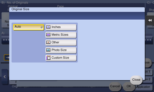 When the size of the original is not detected correctly, specify the size of the original you want to scan. If the machine cannot detect the size of irregular sized originals or photos, manually specify the size.
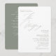 Simples convite de casamento moderno em sábio verde e branco. A caligrafia manuscrita única dá-lhe um aspecto chique. No verso adicione os detalhes do casamento e o código rsvp qr para ajudá-lo a economizar dinheiro se precisar de ajuda, cores ou peças adicionais, entre em contato comigo (Maria) usando o botão de contato abaixo.
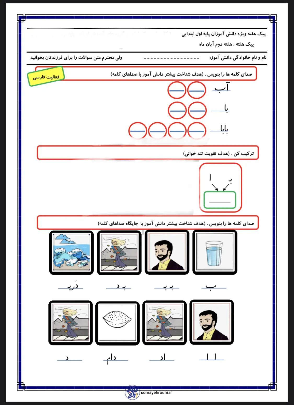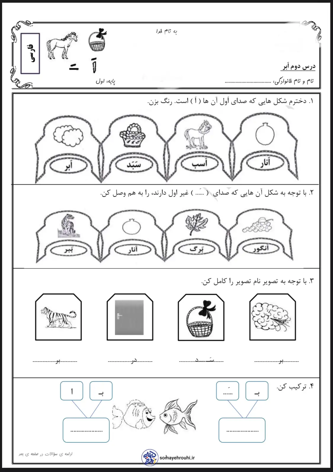 مشاهده بزرگ آموزش حروف الفباپایه اولکاربرگ های فارسی پایه اول دانلود رایگان کاربرگ فارسی نشانه اَ اول ابتدایی
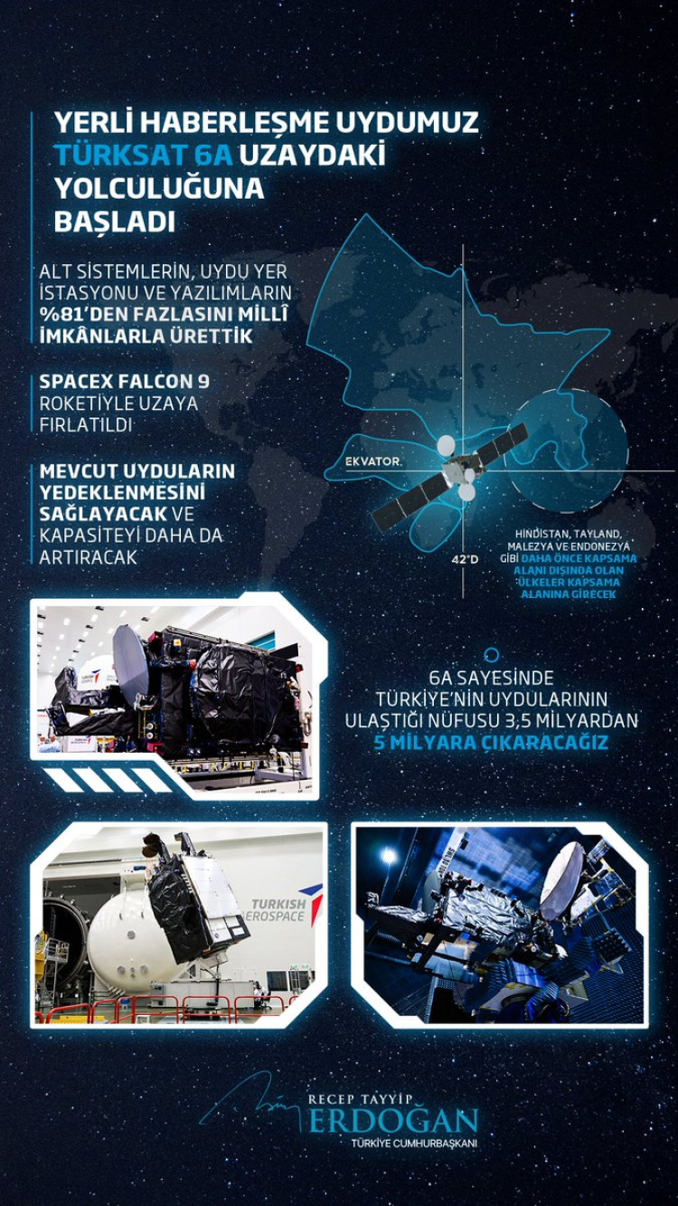Cumhurbaşkanı Erdoğan ise resmî sosyal medya hesabından “Yerli haberleşme uydumuz Türksat 6A’yı az önce uzaya fırlattık. Ülkemiz ve milletimiz açısından yeni bir gurur vesilesine daha hep beraber şahitlik ettik. Ülkemizin uzaydaki istikbali için büyük önem taşıyan 6A projesindeki alt sistemlerin, uydu yer istasyonu ve yazılımların yüzde 81’den fazlasını millî imkânlarla Türkiye olarak kendimiz ürettik. 2,5 sene önce uzaya fırlattığımız 5B uydumuzda olduğu gibi 6A’da da SpaceX firmasının Falcon 9 roketini tercih ettik. Sayın Elon Musk ve SpaceX firmasıyla çeşitli alanlarda tesis ettiğimiz iş birliğinin güçlenmesinden memnuniyet duyuyoruz.” açıklamasında bulundu.
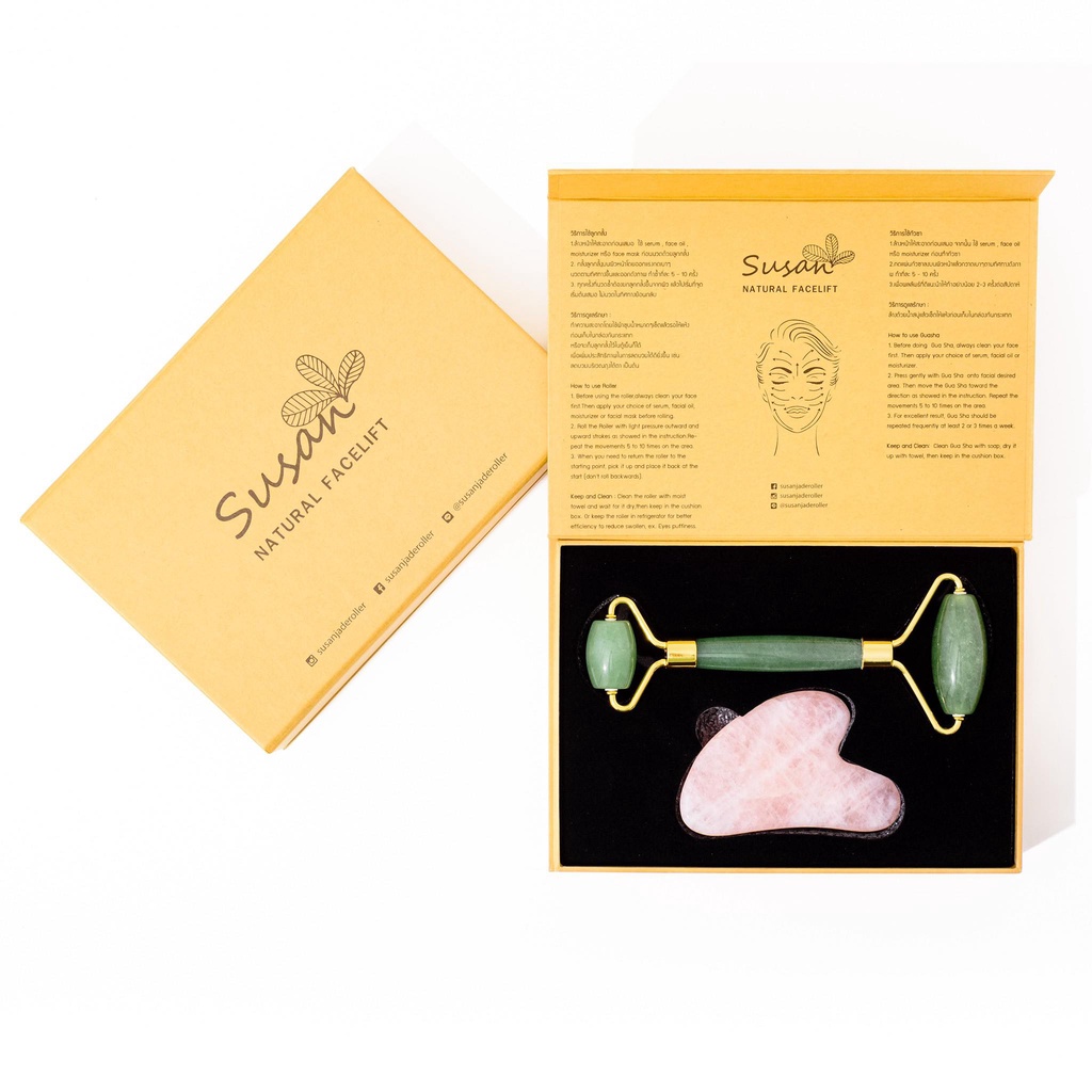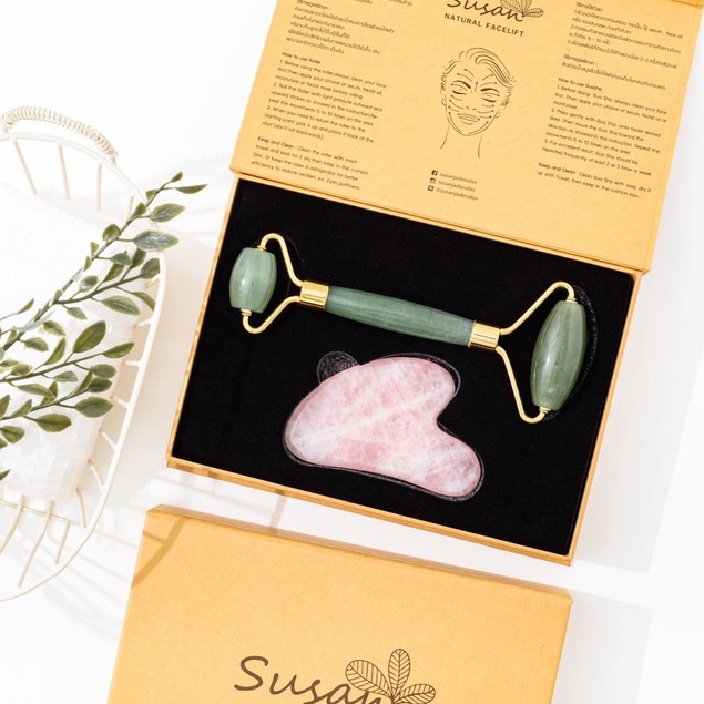 เซ็ทลูกกลิ้งหยก+กัวซาโรสควอตซ์ นวดหน้า หินธรรมชาติแท้100%ไร้สารเคมี ลดริ้วรอย ยกกระชับ หน้าใส

* BRIEF
Each line above should be written out again exactly, and no picture should appear in the copy.

* OUTPUT FOR THIS TASK
 When the size of the original is not detected correctly, specify the size of the original you want to scan. If the machine cannot detect the size of irregular sized originals or photos, manually specify the size.
 Simples convite de casamento moderno em sábio verde e branco. A caligrafia manuscrita única dá-lhe um aspecto chique. No verso adicione os detalhes do casamento e o código rsvp qr para ajudá-lo a economizar dinheiro se precisar de ajuda, cores ou peças adicionais, entre em contato comigo (Maria) usando o botão de contato abaixo.
 مشاهده بزرگ آموزش حروف الفباپایه اولکاربرگ های فارسی پایه اول دانلود رایگان کاربرگ فارسی نشانه اَ اول ابتدایی
Cumhurbaşkanı Erdoğan ise resmî sosyal medya hesabından “Yerli haberleşme uydumuz Türksat 6A’yı az önce uzaya fırlattık. Ülkemiz ve milletimiz açısından yeni bir gurur vesilesine daha hep beraber şahitlik ettik. Ülkemizin uzaydaki istikbali için büyük önem taşıyan 6A projesindeki alt sistemlerin, uydu yer istasyonu ve yazılımların yüzde 81’den fazlasını millî imkânlarla Türkiye olarak kendimiz ürettik. 2,5 sene önce uzaya fırlattığımız 5B uydumuzda olduğu gibi 6A’da da SpaceX firmasının Falcon 9 roketini tercih ettik. Sayın Elon Musk ve SpaceX firmasıyla çeşitli alanlarda tesis ettiğimiz iş birliğinin güçlenmesinden memnuniyet duyuyoruz.” açıklamasında bulundu.
 เซ็ทลูกกลิ้งหยก+กัวซาโรสควอตซ์ นวดหน้า หินธรรมชาติแท้100%ไร้สารเคมี ลดริ้วรอย ยกกระชับ หน้าใส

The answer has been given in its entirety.